Requirement: Exactly and only the lines from the line holding "This Frameless Round" to the end of the records should be reproduced. Leave pictures out.

[Start of section]

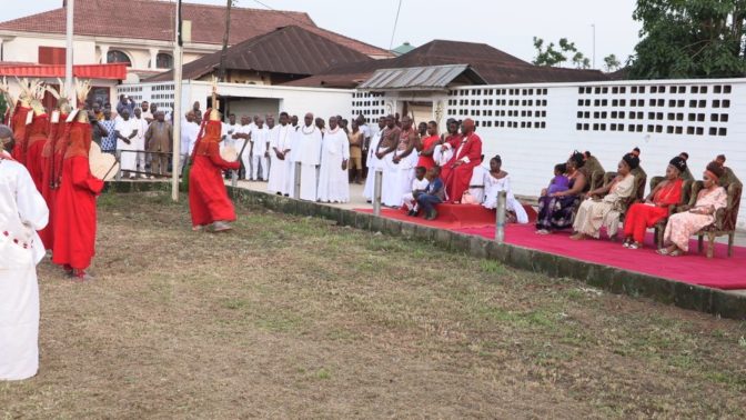 The ceremony among others is used to usher in peace, progress and development to the Kingdom as well as to ward-off evil, violence and untimely death from the Kingdom.
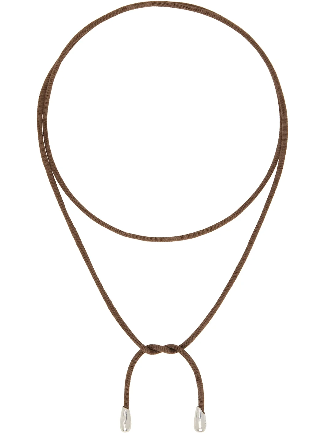 Wraparound cotton cord chocker in brown. · Handcrafted · Sterling silver hardware at ends · Self-tie fastening · L39" Supplier color: Brown Textile, sterling silver. Made in United States 261942F023013
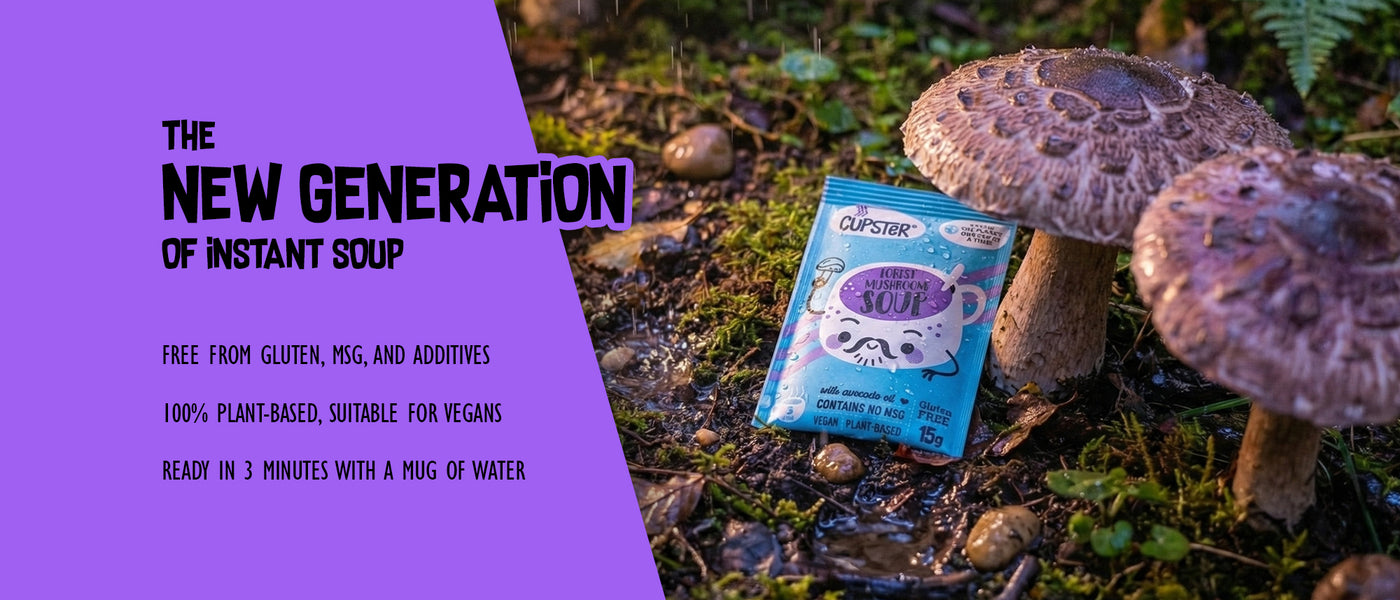 Cupsters vegane Pilzsuppe zum Sofortgenuss mit glutenfreien Nudeln, für Wanderer im Wald! Dieses Produkt ist praktisch (in einer handlichen Verpackung!) wenn Sie eine schnelle Mahlzeit brauchen, aber nicht auf Ihre besondere Ernährung verzichten möchten oder eine sauberere Alternative suchen. Probieren Sie die neue Generation der Sofortsuppen!
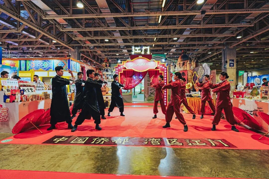 为进一步提升参展吸引力,让观众沉浸式体验侨乡文旅魅力,江门还精心策划特色文旅展演与惠民活动。开平赤坎华侨古镇现场带来《一代宗师》主题咏春表演,以刚柔并济的演绎,展现侨乡武术文化底蕴与古镇独特风情,赢得现场观众阵阵掌声。
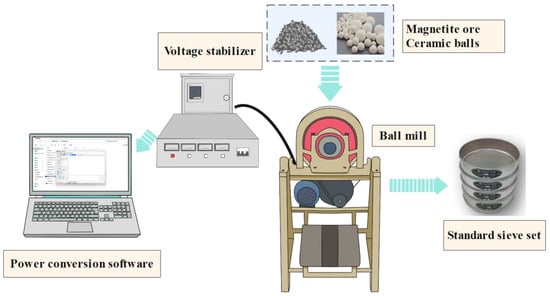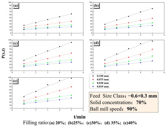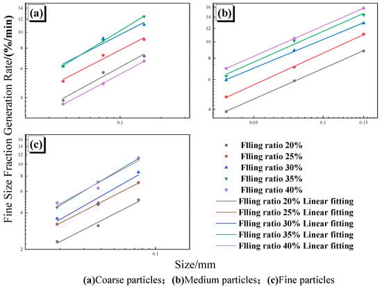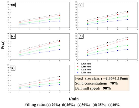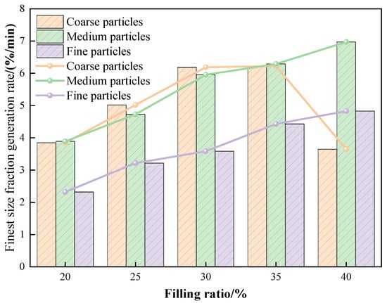 To clarify the influence of the media filling ratio on fine particle production during ceramic ball grinding of magnetite, magnetite ore from the fine grinding stage of an industrial concentrator was investigated under different feed size classes and media filling ratios through grinding kinetics experiments. The generation behavior of the fine and finest particle fractions during ceramic ball grinding was systematically analyzed. The results indicate that particle size fractions with sizes less than or equal to 0.150 mm exhibit pronounced zero-order production characteristics under different filling ratios, with cumulative yields showing a strong linear relationship with grinding time. This zero-order behavior is insensitive to variations in the media filling ratio. Conversely, the generation rate of the finest size fraction is significantly affected by the media filling ratio. For coarse feed sizes, the generation rate of the finest fraction initially increases and then decreases with increasing filling ratio, reaching a peak value of 6.23%/min at a filling ratio of 35%. When the feed falls below 1.18 mm, the generation rate of the finest fraction shows a strong positive correlation with the ceramic ball filling ratio. Furthermore, based on the functional relationship between the generation rate of the finest size fraction and the mill input power, an energy–size model for magnetite ceramic ball grinding was established, providing a quantitative description of the variation in the finest particle yield with respect to the input energy and media filling ratio. The findings provide a theoretical foundation for optimizing media filling ratios, enhancing fine grinding performance, and controlling overgrinding in industrial applications.
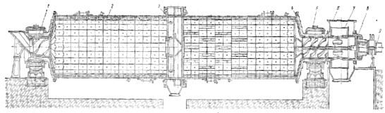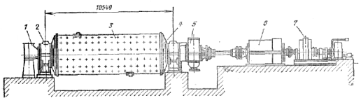1 — розвантажувальна частина; 2 — барабан; 3 — підшипник; 4 — завантажувальна частина; 5 — тихохідний електродвигун головного приводу; 6 - редуктор допоміжного приводу; 7 - змащувальна система
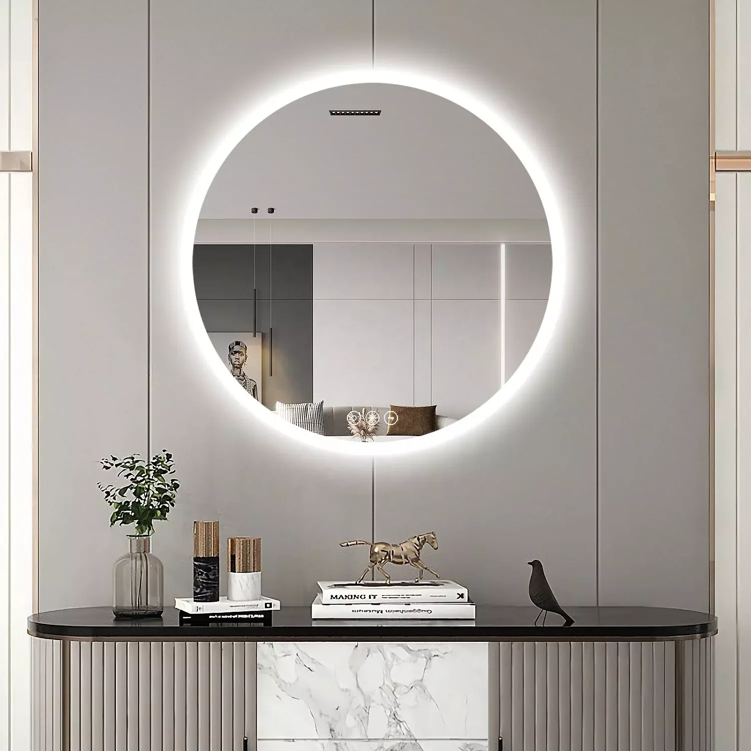 This Frameless Round LED Bathroom Mirror combines contemporary aesthetics with practical functionality for modern interiors. The mirror features a seamless frameless design with integrated LED lighting that evenly illuminates your face and surroundings, making it perfect for bathroom vanities, dressing areas, hotel suites, or spas. Illuminated mirrors like this one use LED light strips around the perimeter, creating soft ambient light that is energy-efficient and visually comfortable.
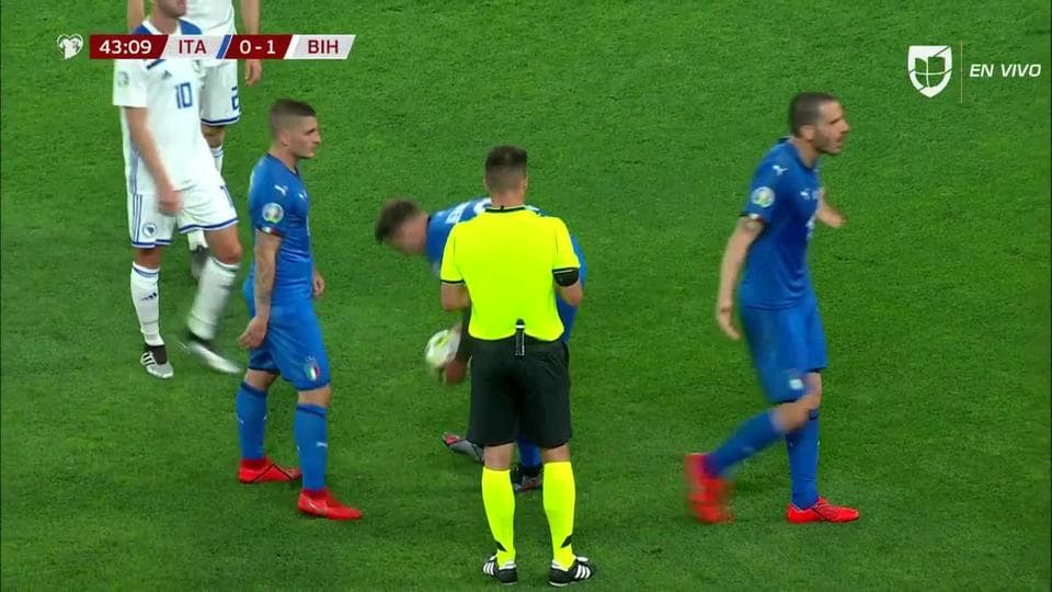 Tarjeta amarilla. El árbitro amonesta a Muhamed Besic de Bosnia and Herzegovina on June 11, 2019
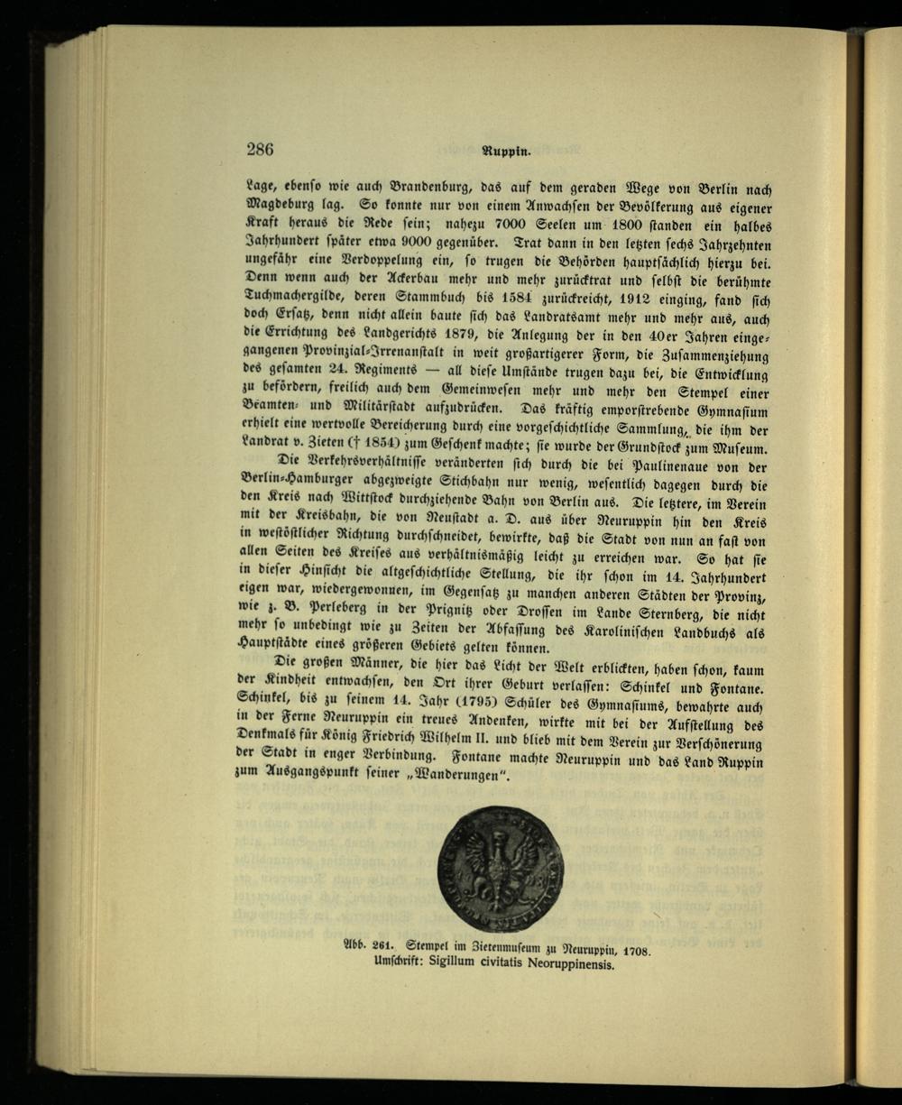 Die Verkehrsverhältniſſe veränderten ſich durch die bei Paulinenaue von der Berlin⸗ -Hamburger abgezweigte Stichbahn nur wenig, weſentlich dagegen durch die den Kreis nach Wittſtock durchziehende Bahn von Berlin aus. Die letztere, im Verein mit der Kreisbahn, die von Neuſtadt a. D. aus über Neuruppin hin den Kreis in weſtöſtlicher Richtung durchſchneidet, bewirkte, daß die Stadt von nun an faſt von allen Seiten des Kreiſes aus verhältnismäßig leicht zu erreichen war. So hat ſie in dieſer Hinſicht die altgeſchichtliche Stellung, die ihr ſchon im 14. Jahrhundert eigen war, wiedergewonnen, im Gegenſatz zu manchen anderen Städten der Provinz, wie z. B. Perleberg in der Prignitz oder Droſſen im Lande Sternberg, die nicht mehr ſo unbedingt wie zu Zeiten der Abfaſſung des Karoliniſchen Landbuchs als Hauptſtädte eines größeren Gebiets gelten können.

[End of section]

Exercise answer:
 This Frameless Round LED Bathroom Mirror combines contemporary aesthetics with practical functionality for modern interiors. The mirror features a seamless frameless design with integrated LED lighting that evenly illuminates your face and surroundings, making it perfect for bathroom vanities, dressing areas, hotel suites, or spas. Illuminated mirrors like this one use LED light strips around the perimeter, creating soft ambient light that is energy-efficient and visually comfortable.
 Tarjeta amarilla. El árbitro amonesta a Muhamed Besic de Bosnia and Herzegovina on June 11, 2019
 Die Verkehrsverhältniſſe veränderten ſich durch die bei Paulinenaue von der Berlin⸗ -Hamburger abgezweigte Stichbahn nur wenig, weſentlich dagegen durch die den Kreis nach Wittſtock durchziehende Bahn von Berlin aus. Die letztere, im Verein mit der Kreisbahn, die von Neuſtadt a. D. aus über Neuruppin hin den Kreis in weſtöſtlicher Richtung durchſchneidet, bewirkte, daß die Stadt von nun an faſt von allen Seiten des Kreiſes aus verhältnismäßig leicht zu erreichen war. So hat ſie in dieſer Hinſicht die altgeſchichtliche Stellung, die ihr ſchon im 14. Jahrhundert eigen war, wiedergewonnen, im Gegenſatz zu manchen anderen Städten der Provinz, wie z. B. Perleberg in der Prignitz oder Droſſen im Lande Sternberg, die nicht mehr ſo unbedingt wie zu Zeiten der Abfaſſung des Karoliniſchen Landbuchs als Hauptſtädte eines größeren Gebiets gelten können.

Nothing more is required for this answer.